Thank you, I was able to fully solve it! That was a brilliant substitution, and now it seems almost obvious after the fact. But what thought process do I need to adopt to do smart substitutions like that in the future?

It's not hard to remember, because $s$ is the distance, which Griffiths denotes as the squiggly "r".

 

[Electrowonder]

It's not hard to remember, because $s$ is the distance, which Griffiths denotes as the squiggly "r".

Oh that's right, got it, thank you. That should prove helpful for other problems.

 

[Charles Link]

$$\int \frac{z}{(R^2 + z^2 - 2Rzu)^{3/2}} du +\int \frac{-Ru}{(R^2 + z^2 - 2Rzu)^{3/2}} du$$

How would I integrate the second term? I have already done a U substitution, am I allowed to just do another substitution?
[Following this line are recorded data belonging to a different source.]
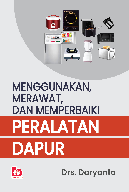 Peralatan rumah tangga khususnya peralatan dapur sangat penting penggunaannya dalam kelengkapan perabot rumah Selain perlatan listrik seperti AC mesin cuci dan lain lain penggunaan alat dapur seperti microwave kulkas blender dan sebagainya juga tidak kalah penting Agar peralatan peralatan dapur tersebut bisa tahan lama dalam jangka waktu lama sebagai pengguna harus mengetahui cara menggunakan merawat dan memperbaiki peralatan peralatan tersebut Buku ini akan membahas cara menggunakan merawat dan memperbaiki peralatan dapur dalam kehidupan rumah tangga sehari hari Buku ini cocok bagi siapa saja yang mempunyai kepentingan dan berhubungan dengan peralatan dapur sebagaimana pada daftar isi buku ini baik pria maupun wanita maupun jasa service yang bergelut di bidangnya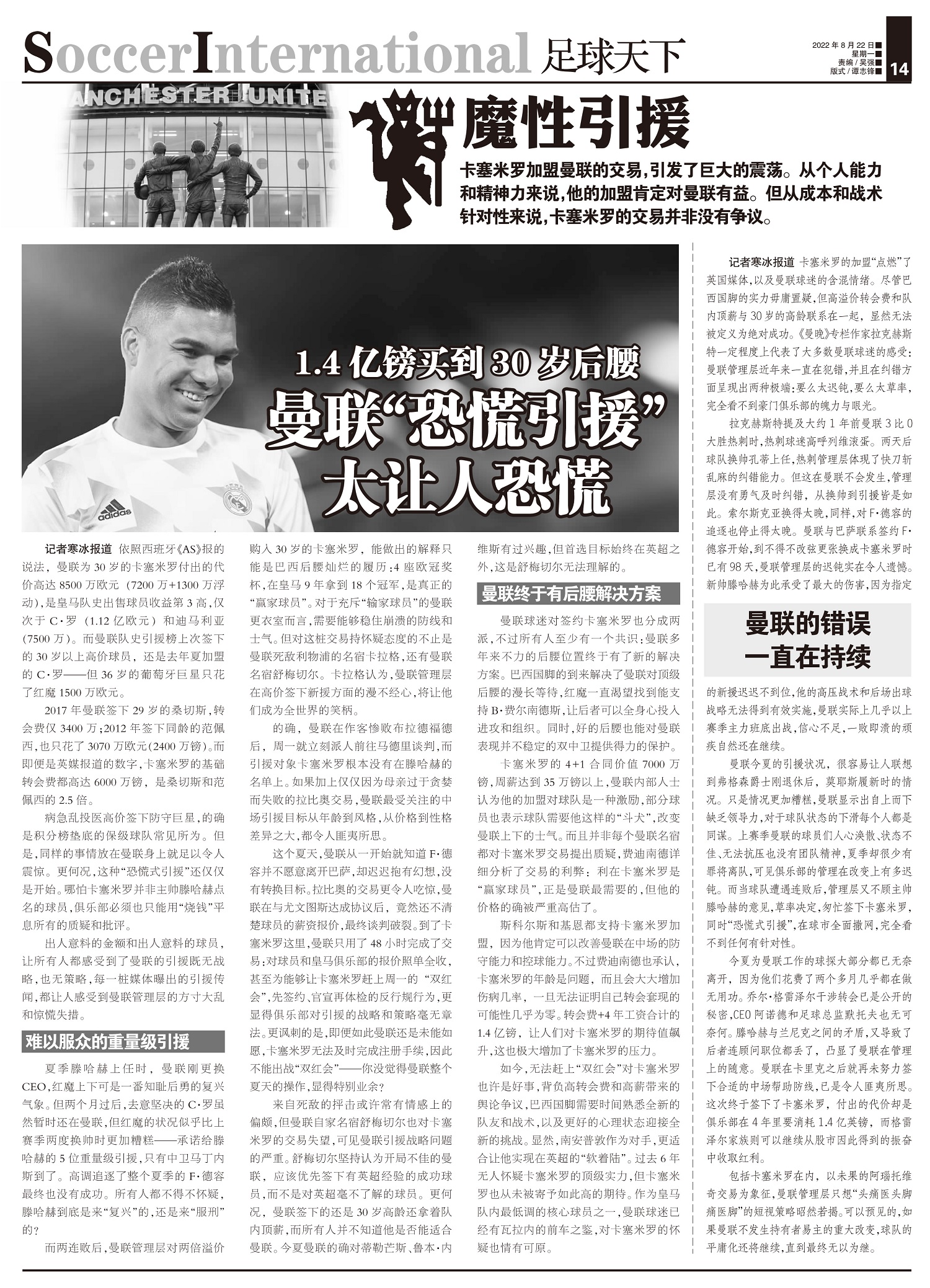 卡塞米罗的加盟“点燃”了英国媒体,以及曼联球迷的含混情绪。尽管巴西国脚的实力毋庸置疑,但高溢价转会费...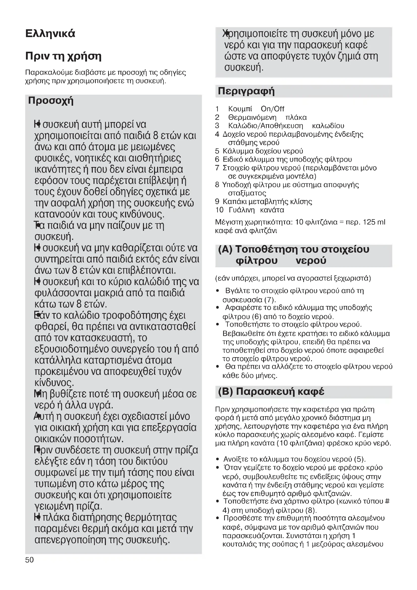 Χρησιμοποιείτε τη συσκευή μόνο με νερό και για την παρασκευή καφέ ώστε να αποφύγετε τυχόν ζημιά στη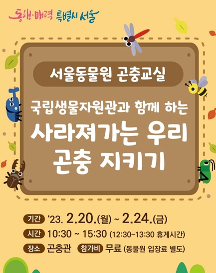 서울대공원은 봄 방학을 맞아, 2월 20일부터 24일까지 5일간 어린이와 가족 등 서울동물원을 찾은 관람객을 대상으로 사라져가는 곤충과 환경 보호의 필요성에 관한 교육을 진행한다.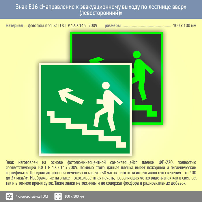 Знак E16 «Направление к эвакуационному выходу по лестнице вверх (левосторонний)» на фотолюминесцентной пленке по ГОСТ 34428-2018, размером 100х100 мм указывает направление к выходу вверх по лестнице влево. Эвакуационные знаки безопасности изготовлены согласно ГОСТ Р 12.4.026-2015 и предназначены для обозначения направления движения и выходов при эвакуации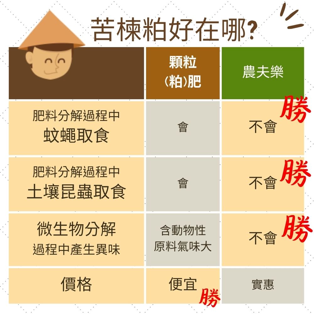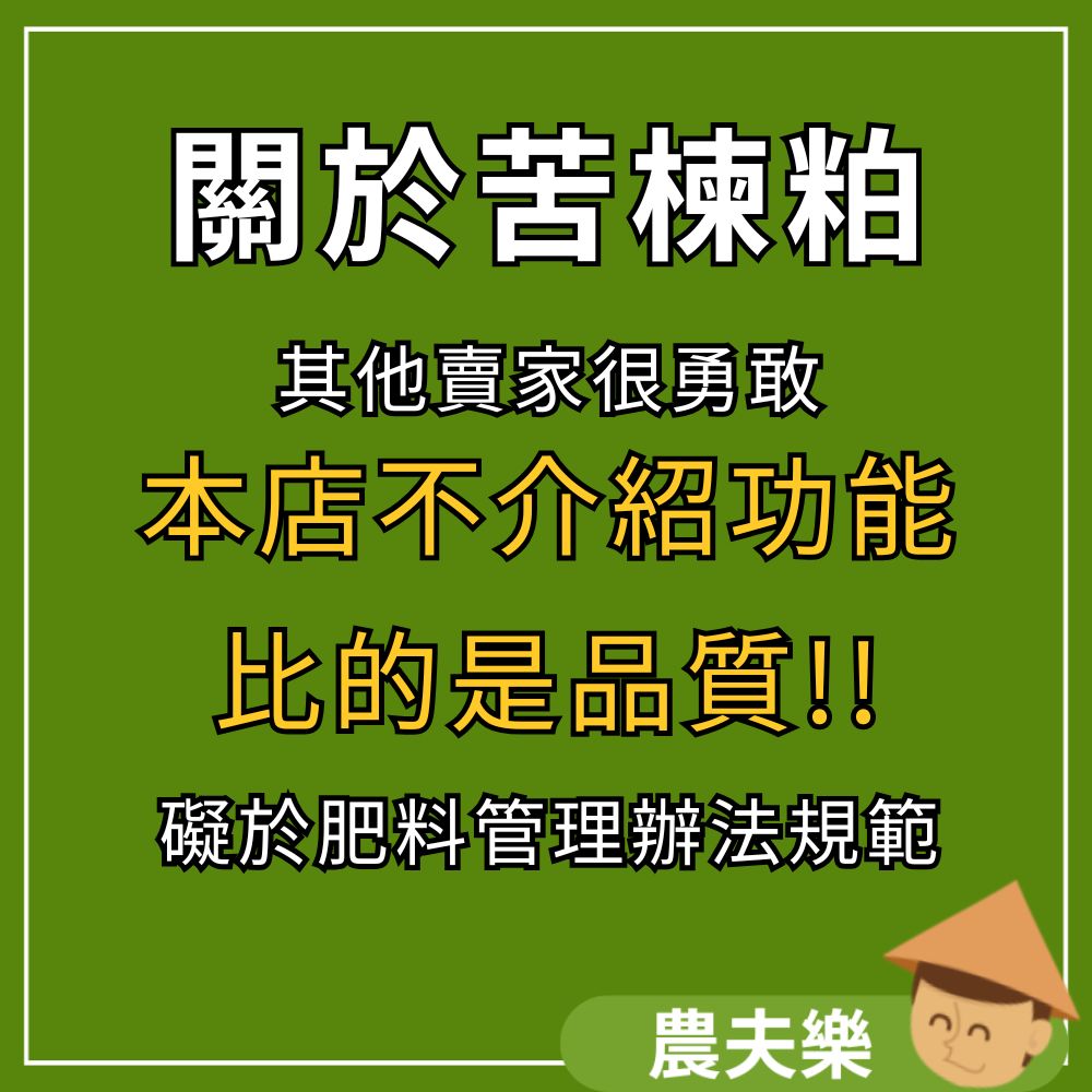 - 苦楝粕: 主要是混土裡,施肥、其它功能。(台灣法規規定不能寫)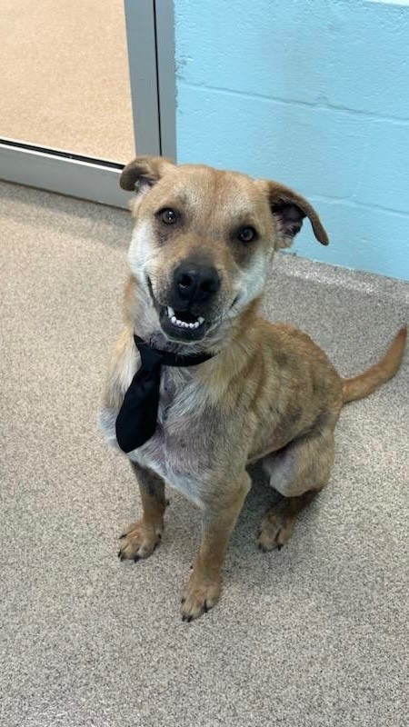 But on a difficult day in January 2024, we received a call from his owners. Jingle, they said, was suffering from severe allergies. They had tried everything, nothing had helped, and they were moving and couldn’t take him with them. And just like that, the once-joyful Christmas puppy returned to our care–full grown, itchy, uncomfortable, and nothing like the vibrant pup we had known.
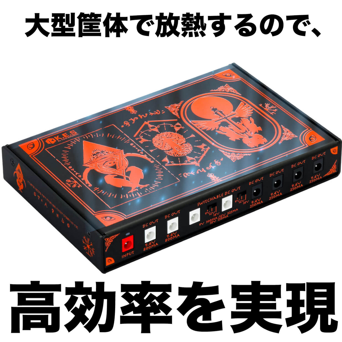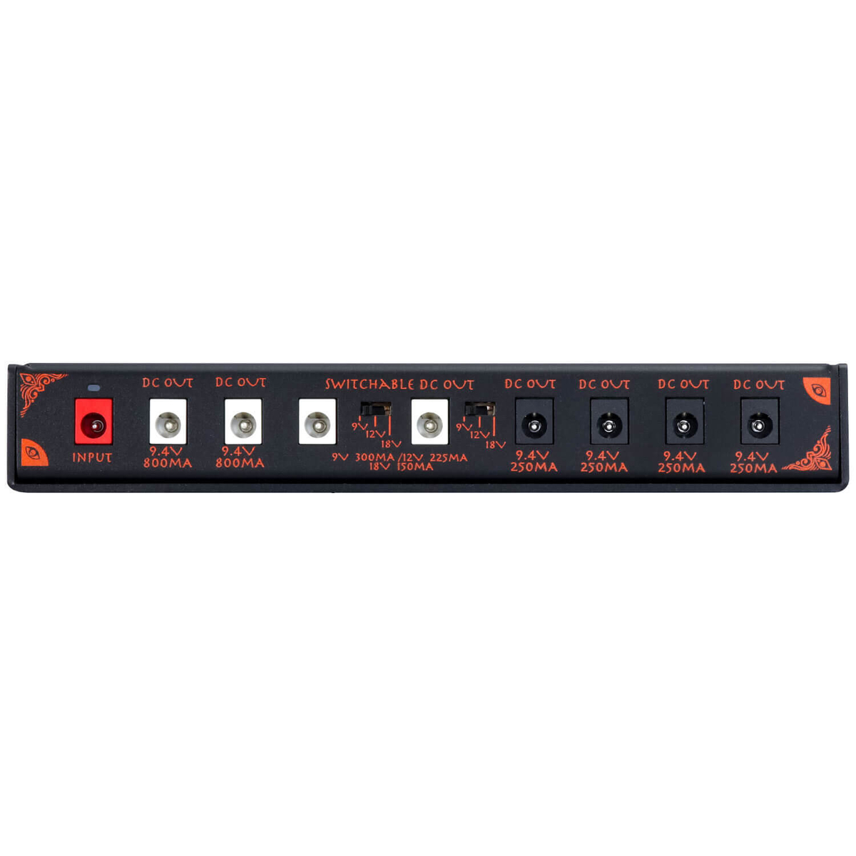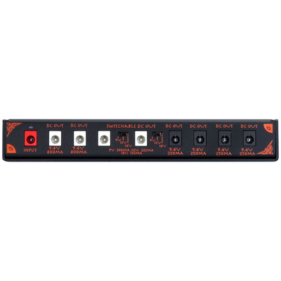 9.4Vの250mA出力を4系統・9.4Vの800mA出力のポートを2系統・9Vの500mA/12Vの375mA/18Vの250mAを切替可能なポートを2系統装備し、要求電圧の高電流ペダルや18V駆動の機種まで幅広くカバーします。

The second term becomes $\int -Ru \,(\frac{1}{RZ}) d(R^2+z^2-2RZu)^{-1/2}$.$\\$ You should be able to do this by parts routinely. Remember $\int\limits_{a}^{b} u \, dv=uv|_a^b-\int\limits_{a}^{b} v \, du$.

 

[Electrowonder]

The second term becomes $\int -Ru \,(\frac{1}{RZ}) d(R^2+z^2-2RZu)^{-1/2}$.$\\$ You should be able to do this by parts routinely. Remember $\int\limits_{a}^{b} u \, dv=uv|_a^b-\int\limits_{a}^{b} v \, du$.

I'm not sure what to do with the $\int v du$ term, what is v going to be?

 

[Charles Link]

$v=(R^2+Z^2-2RZu)^{-1/2}$.
The integral $\int v \, du$ is straightforward.

 

[Electrowonder]

$v=(R^2+Z^2-2RZu)^{-1/2}$.
The integral $\int v \, du$ is straightforward.

Oh, I see you meant $d[(R^2 +z^2 -2Rzu)^{-1/2}]$, I was a bit confused with the exponent outside as I haven't done this for 3 years.